→ **Task**: Line for line, return the data exactly, omitting all pictures.

Recorded data

────

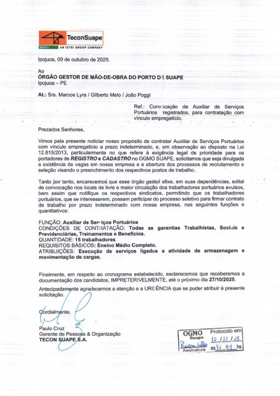 Todas as informações sobre o processo seletivo incluindo condições de contratação, requisitos básicos, atribuições das funções, benefícios e o cronograma para entrega de documentos estão disponíveis no link acima e no Edital de Convocação de Trabalhadores Portuários Avulsos.
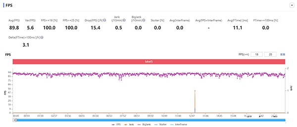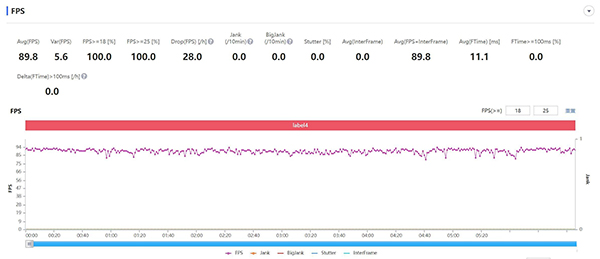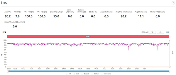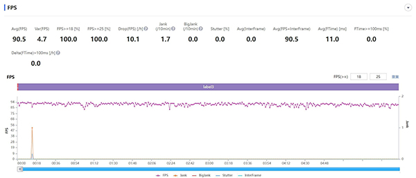 《和平精英》里面我們截取了連續(xù)2場(chǎng)游戲?qū)?,總?jì)約1小時(shí)的幀率,一加10 Pro只有在第一局后期在密林中頻繁扔煙霧彈激戰(zhàn)的情況下,游戲幀率才會(huì)稍微降低至82fps左右。在房區(qū)或是平原地帶跑圖的時(shí)候,游戲則是雷打不動(dòng)的90fps穩(wěn)定運(yùn)行。
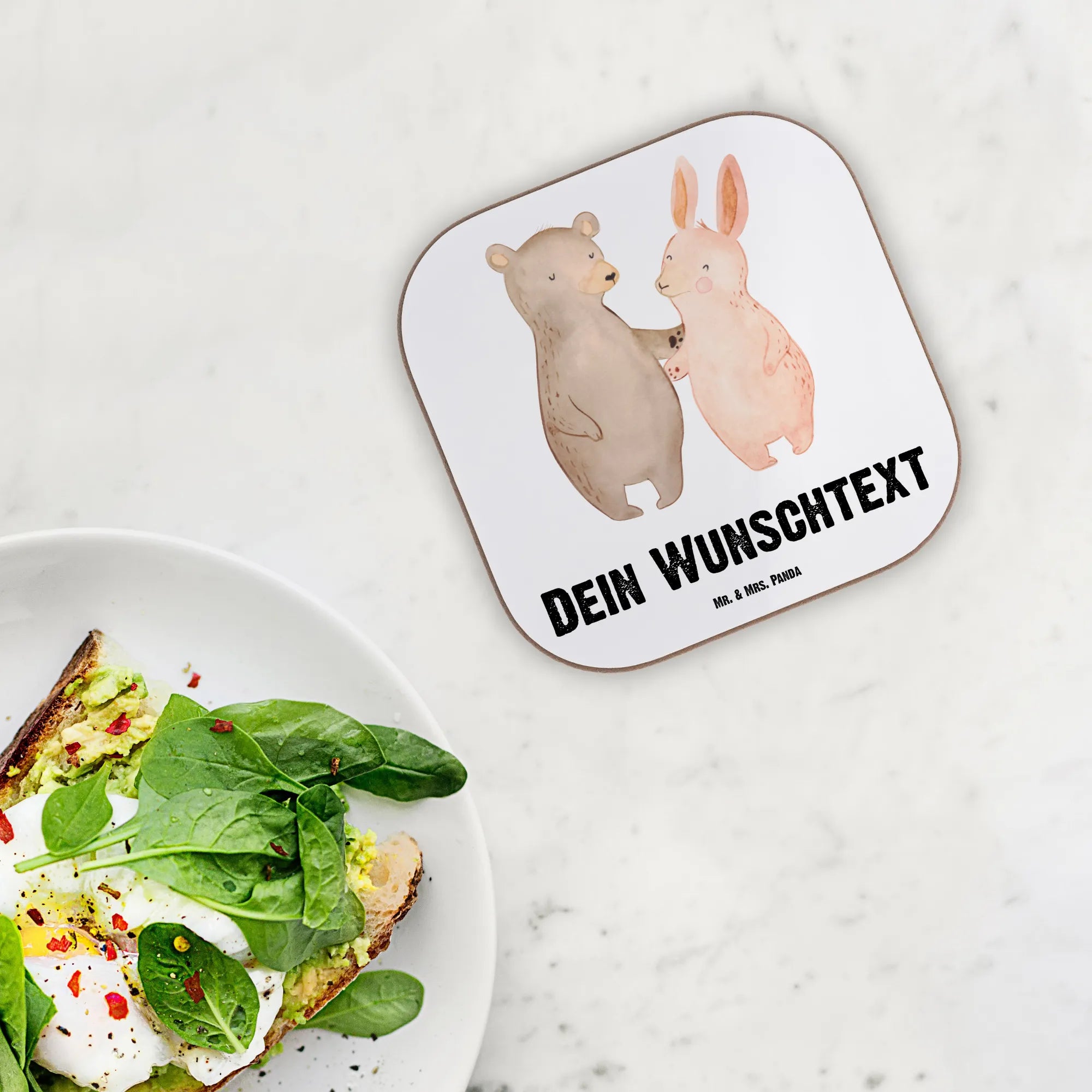 Suchst du das perfekte Geschenk für deinen besten Freund oder deine beste Freundin? Dann sind unsere personalisierten Untersetzer mit dem Motiv "Bär Hase Umarmen" genau das richtige für dich! Diese schönen Untersetzer aus der Kollektion Liebe von Mr. & Mrs. Panda sind mehr als nur praktische Tischunterlagen – sie sind ein Ausdruck von Freundschaft und Zuneigung.
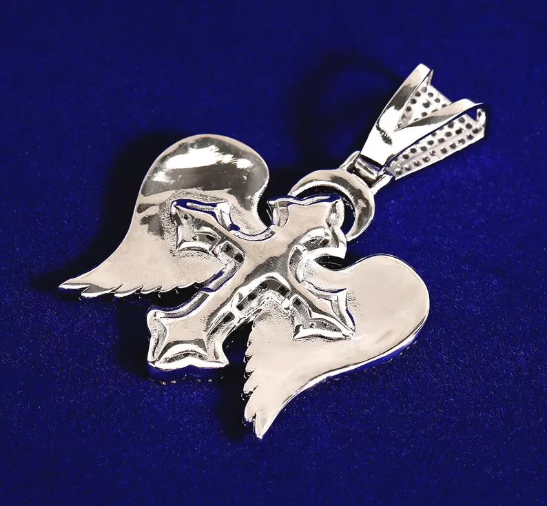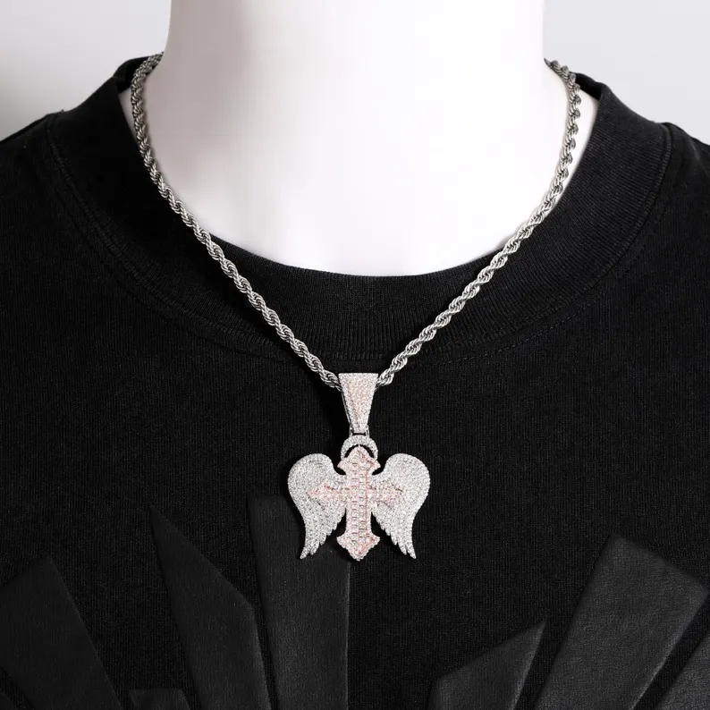 Iced Out Cross Wing Pendant Silver y Rose Gold Tone Hip Hop Jewelry para hombres y mujeres
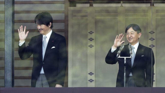 Japan’s Emperor Naruhito, right, and Crown Prince Akishino wave during a greeting ceremony at the Imperial Palace in Tokyo, Japan, on Saturday, May 4, 2019. Naruhito ascended the Chrysanthemum Throne in a low-key ceremony on May 1, taking over his father’s duties to serve as the symbol of a nation facing slower economic growth and an aging population. Photographer: Kiyoshi Ota/Bloomberg
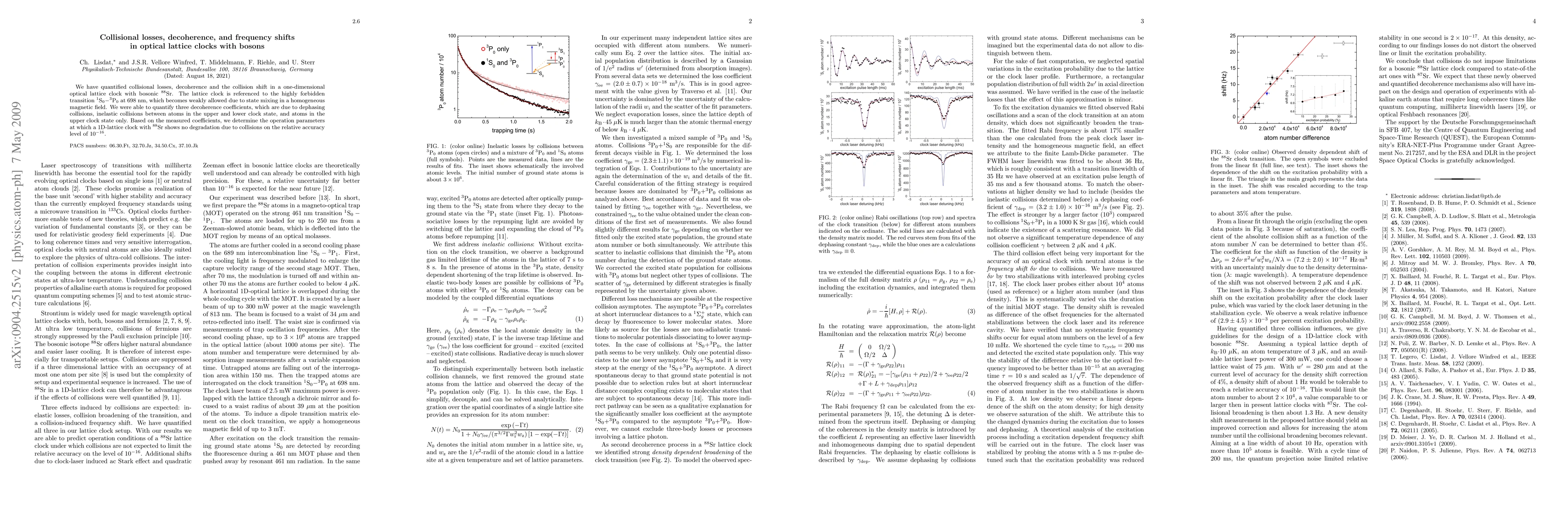 Summary: This study quantifies collisional losses, decoherence, and frequency shifts in a one-dimensional optical lattice clock using bosonic 88Sr atoms, referencing the 1S0 - 3P0 transition at 698 nm. The research determines optimal operation parameters to achieve relative accuracy of 10^-16 without collision-induced degradation.

────

→ **Exercise answer**:
 Todas as informações sobre o processo seletivo incluindo condições de contratação, requisitos básicos, atribuições das funções, benefícios e o cronograma para entrega de documentos estão disponíveis no link acima e no Edital de Convocação de Trabalhadores Portuários Avulsos.
 《和平精英》里面我們截取了連續(xù)2場(chǎng)游戲?qū)?,總?jì)約1小時(shí)的幀率,一加10 Pro只有在第一局后期在密林中頻繁扔煙霧彈激戰(zhàn)的情況下,游戲幀率才會(huì)稍微降低至82fps左右。在房區(qū)或是平原地帶跑圖的時(shí)候,游戲則是雷打不動(dòng)的90fps穩(wěn)定運(yùn)行。
 Suchst du das perfekte Geschenk für deinen besten Freund oder deine beste Freundin? Dann sind unsere personalisierten Untersetzer mit dem Motiv "Bär Hase Umarmen" genau das richtige für dich! Diese schönen Untersetzer aus der Kollektion Liebe von Mr. & Mrs. Panda sind mehr als nur praktische Tischunterlagen – sie sind ein Ausdruck von Freundschaft und Zuneigung.
 Iced Out Cross Wing Pendant Silver y Rose Gold Tone Hip Hop Jewelry para hombres y mujeres
 Japan’s Emperor Naruhito, right, and Crown Prince Akishino wave during a greeting ceremony at the Imperial Palace in Tokyo, Japan, on Saturday, May 4, 2019. Naruhito ascended the Chrysanthemum Throne in a low-key ceremony on May 1, taking over his father’s duties to serve as the symbol of a nation facing slower economic growth and an aging population. Photographer: Kiyoshi Ota/Bloomberg
 Summary: This study quantifies collisional losses, decoherence, and frequency shifts in a one-dimensional optical lattice clock using bosonic 88Sr atoms, referencing the 1S0 - 3P0 transition at 698 nm. The research determines optimal operation parameters to achieve relative accuracy of 10^-16 without collision-induced degradation.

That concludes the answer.